Find the line containing "4 upholstered armchairs" in the records below. Copy exactly that line and each one after it, ending at the line containing "물막이를 막고 논두렁에. 서리태 풀뽑아주고. 2차순까지질러주었다.", and nothing more.

### [Data excerpts]
BEGIN

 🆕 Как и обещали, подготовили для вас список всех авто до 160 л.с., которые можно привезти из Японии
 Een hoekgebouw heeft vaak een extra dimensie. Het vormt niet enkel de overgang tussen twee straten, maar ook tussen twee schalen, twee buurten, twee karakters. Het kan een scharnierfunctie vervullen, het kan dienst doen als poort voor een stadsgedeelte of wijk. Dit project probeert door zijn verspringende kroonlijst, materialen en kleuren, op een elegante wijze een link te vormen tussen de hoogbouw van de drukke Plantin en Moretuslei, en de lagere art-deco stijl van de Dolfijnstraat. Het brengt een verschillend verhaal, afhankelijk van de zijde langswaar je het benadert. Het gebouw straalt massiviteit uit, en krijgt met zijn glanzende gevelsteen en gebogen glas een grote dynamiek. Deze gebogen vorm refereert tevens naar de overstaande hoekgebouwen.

END
BEGIN

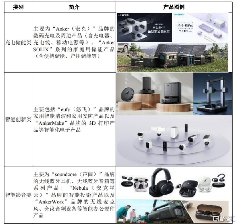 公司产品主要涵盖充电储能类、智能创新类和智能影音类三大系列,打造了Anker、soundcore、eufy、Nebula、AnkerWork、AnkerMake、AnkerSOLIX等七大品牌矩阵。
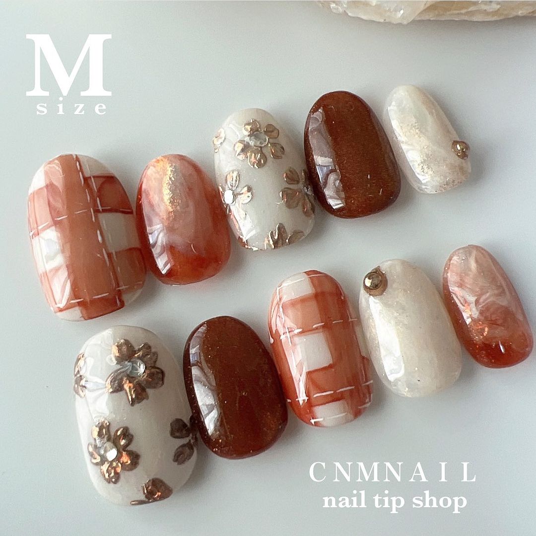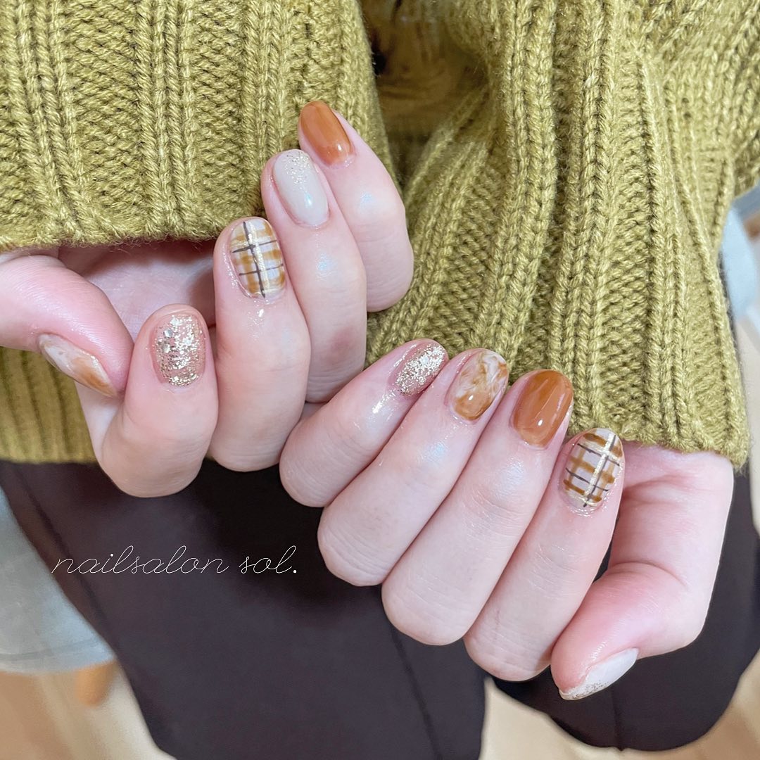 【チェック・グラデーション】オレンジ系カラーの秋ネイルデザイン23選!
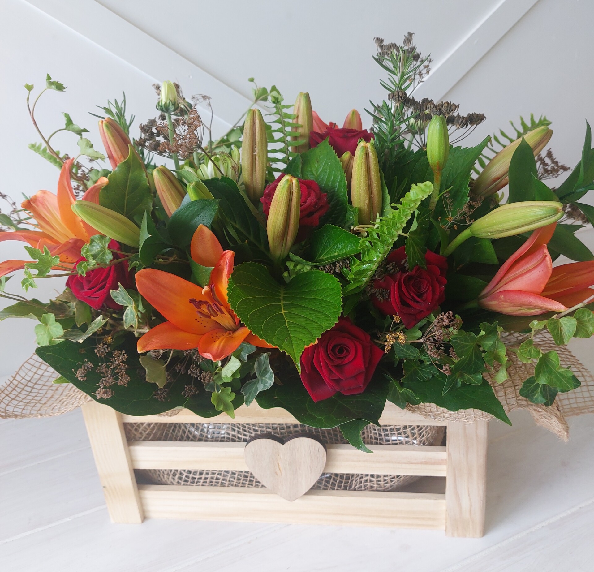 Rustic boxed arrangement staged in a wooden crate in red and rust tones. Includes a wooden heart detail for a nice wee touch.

END
BEGIN

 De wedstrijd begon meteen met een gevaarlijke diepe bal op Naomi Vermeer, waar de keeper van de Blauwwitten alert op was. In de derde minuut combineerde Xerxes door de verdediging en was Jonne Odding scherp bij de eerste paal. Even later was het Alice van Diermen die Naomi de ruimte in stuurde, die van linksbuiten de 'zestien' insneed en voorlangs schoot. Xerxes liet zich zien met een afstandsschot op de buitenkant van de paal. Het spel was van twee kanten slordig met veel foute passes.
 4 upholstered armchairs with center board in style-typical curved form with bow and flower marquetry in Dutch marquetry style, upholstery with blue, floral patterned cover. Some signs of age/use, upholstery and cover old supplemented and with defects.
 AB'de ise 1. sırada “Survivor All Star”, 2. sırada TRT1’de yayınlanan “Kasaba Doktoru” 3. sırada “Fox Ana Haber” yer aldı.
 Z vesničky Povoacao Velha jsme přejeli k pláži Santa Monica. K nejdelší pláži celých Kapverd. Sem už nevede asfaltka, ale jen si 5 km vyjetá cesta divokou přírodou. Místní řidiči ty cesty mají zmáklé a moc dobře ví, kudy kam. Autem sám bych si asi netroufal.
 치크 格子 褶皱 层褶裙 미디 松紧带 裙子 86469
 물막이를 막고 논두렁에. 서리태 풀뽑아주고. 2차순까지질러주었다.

END

### [Reply]
 4 upholstered armchairs with center board in style-typical curved form with bow and flower marquetry in Dutch marquetry style, upholstery with blue, floral patterned cover. Some signs of age/use, upholstery and cover old supplemented and with defects.
 AB'de ise 1. sırada “Survivor All Star”, 2. sırada TRT1’de yayınlanan “Kasaba Doktoru” 3. sırada “Fox Ana Haber” yer aldı.
 Z vesničky Povoacao Velha jsme přejeli k pláži Santa Monica. K nejdelší pláži celých Kapverd. Sem už nevede asfaltka, ale jen si 5 km vyjetá cesta divokou přírodou. Místní řidiči ty cesty mají zmáklé a moc dobře ví, kudy kam. Autem sám bych si asi netroufal.
 치크 格子 褶皱 层褶裙 미디 松紧带 裙子 86469
 물막이를 막고 논두렁에. 서리태 풀뽑아주고. 2차순까지질러주었다.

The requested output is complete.